He chuckled, but then shook his head. “Not really. I will tell you everything. But not now.” Before I could protest, he got up, shook his head at me as I intended to follow. “Not now,” he repeated. “Just go to sleep.”

“It’s just sex.” I tried one last time to convince him, and he gave me a long look.

“No. It’s not.”

I stared after him as he left me there. Not until the door closed, and he was gone, did I spring to my feet. This was not how I wanted this night to end, and my fuzzy mind couldn’t understand what went wrong.Not now?Then when? Why was he pushing me away? It wasn’t the first time. Was it me? And everything else was just excuses.

My mind spun in circles and no matter how I tried to understand, all I was left with was more questions. The rejection burned behind my eyes, blurring my vision further. I stood, staring at the closed door for a long time, then I moved. Collapsing onto the bed, I hugged the pillow and let the tears flow free down my cheeks.

*

I awoke to a knock on the door and struggled to open my eyes. Rubbing the dried, tear-mixed makeup from my lashes, I forced them apart, squinting at the sharp morning light filtering through the dark curtains.

“Breakfast’s ready, Miss K.”

“Thank you.” I called out to the maid, hoping my voice didn’t sound as flat as I felt inside. Marc didn’t come to bed.
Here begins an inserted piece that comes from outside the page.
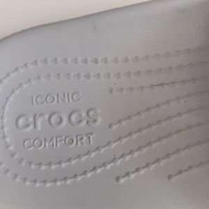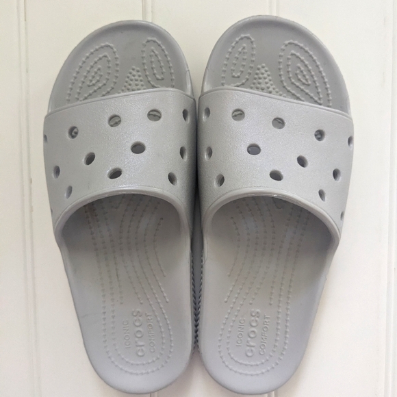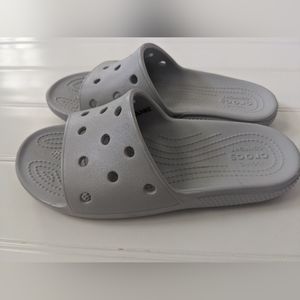 Crocs Women's light gray Slides. Size US 7. Light wear. In VGUC.

Was I so horrible he couldn’t even stand to be in the same bed anymore?

Another knock, and this time, I didn’t have time to open my mouth before Johnny barged in.

“Good morning,” I muttered, and he cut himself off mid-chuckle, and stared at me.

“You look like a raccoon,” he stated, and I cringed. I hadn’t had time to wash my face, but I could imagine it wasn’t pretty.

“What do you want?” My voice came out harsher than intended, and I sighed. “Sorry, just not in the mood.”

“Hungover?” he asked with a wink, and I shrugged. It wasn’t the biggest problem, even though my belly rolled with nausea when I moved, and my head was heavy and thick.

“What did he do?” Johnny asked with a sigh.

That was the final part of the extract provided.